To apply the same steps to a completely different framework does not make any sense at all. In fact it’s dangerous and misleading.
In the same way that a human, a frog and a Californian Redwood all have completely distinct lifecycles, every organisation (and quite possibly every sub system inside that organisation) should have a set of lifecycle stages that make sense for that organisation or system.
The Fungibility Issue
Bottom line here is that SDLC can be applied well and usefully, or it can be applied mindlessly and stupidly.
Lifecycles are useful for things that are alike. They help us plan for the inevitable.
It is however not that practical to declare a single lifecycle as “best practice” and then insist that everything single thing follow the same stages. We may as well insist that humans live as long as bowhead whales (200+ years if you’re curious).
Useful Applications of SDLC (in my opinion)

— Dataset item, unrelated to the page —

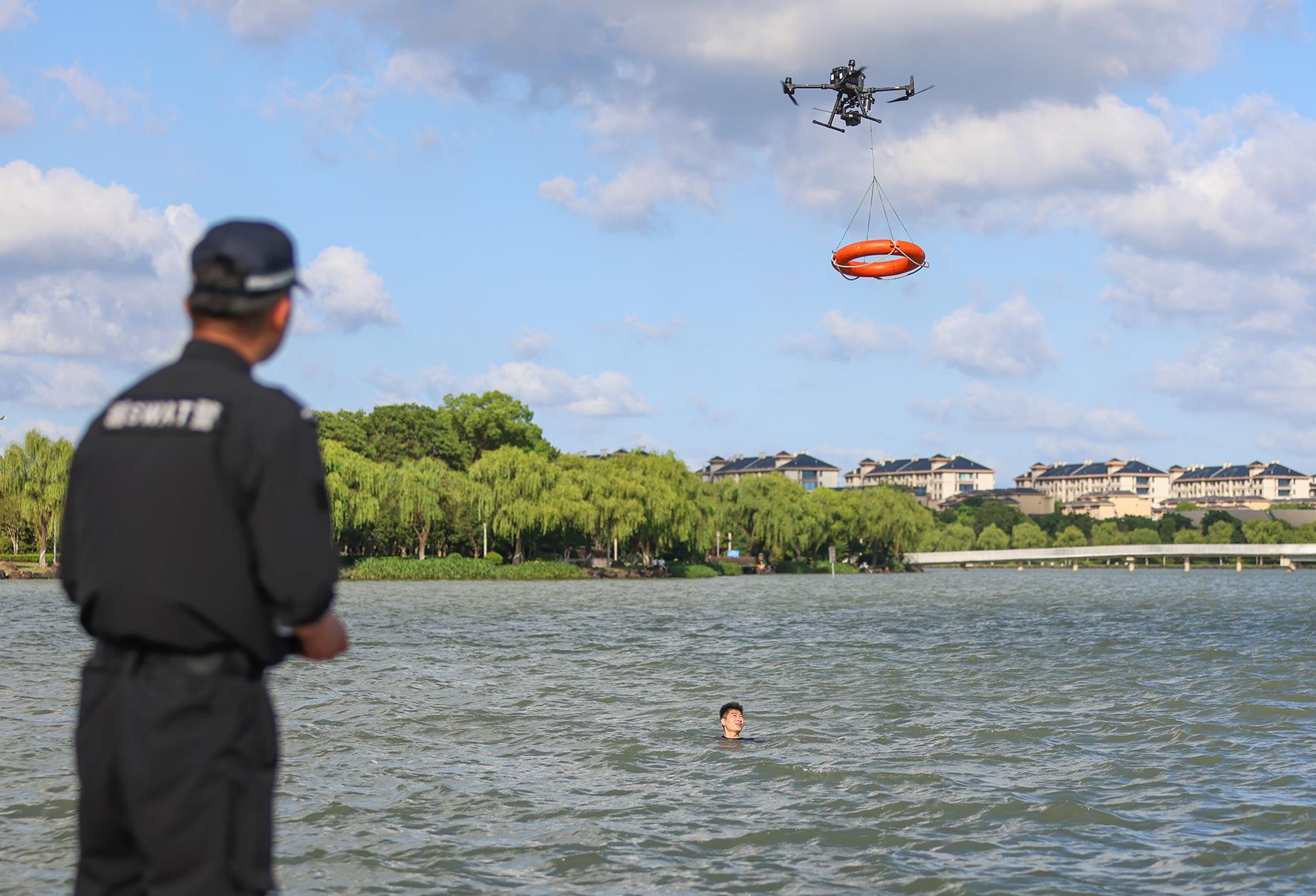 7月9日,浙江省嘉興市公安局南湖區(qū)分局巡特警大隊開展水上防汛應急救援演練。演練設置緊急集合、穿戴救援裝備、駕駛救援沖鋒艇、拋投救援繩和無人機拋投救生圈等科目,進一步提升了應對汛期災害和突發(fā)事件的應急處置能力。

I think that SSADM got the focus wrong. SDLC is most useful when we consider the entire lifecycle of a software system or product[^1]
By this I mean not so much the software development phases themselves but rather everything else — as an example of something that might be more compatible with an agile way of working consider:
- We are considering the need to build a system
- We are figuring out what problem exactly the system should solve
- We are negotiating a suitable budget and timeline for our system
- We are building confidence that such a system can be built
- We are building the system
- The System is now in production and generating value
- The System is still under active development
- The System is in maintenance mode
- The System is now at end of life
- The System has been entirely decommissioned and we had a party
It’s very useful for senior management to have some indication of the expected lifetimes of systems as well as having plans for data retention and migration once we reach stage 9 (in the above model) — it also helps co-ordinate with other functions inside the average enterprise, such as those people deploying PC’s, Servers and Helpdesks. Not to mention working with vendors whose products the internal systems are likely based all of which have their own lifecycles.

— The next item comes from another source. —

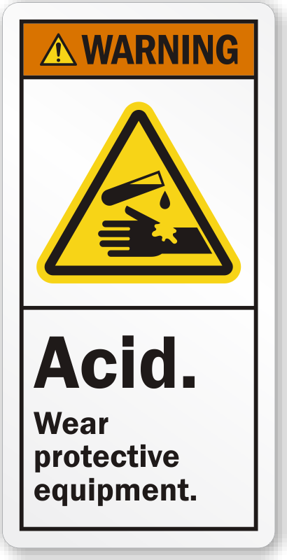 As a preventive measure to avoid any accident, apply this label and warn employees to wear protective equipment while handling acid in the lab.

Finance people also find SDLC useful for purpose such as capitalisation and depreciation. Especially if they’re running in a traditional CAPEX / OPEX type of accounting model.
The final useful bit in the SDLC concept is thinking of it as Systems, rather than Software.
This focuses people on planning for the non software parts of systems change. The hardware, the hosting, the policies, the procedures, the people and yes the accounting.
SDLC is best employed when it encompasses a far larger remit than just the development of the software.
Kind of like Design Thinking really 😉
[^1]: Although when this kind of concept is applied to Products, I tend to refer to it not as SDLC but rather as Product Strategy a more general set of practices and principles with application outside of pure software systems. SDLC is a very IT centric view of the world.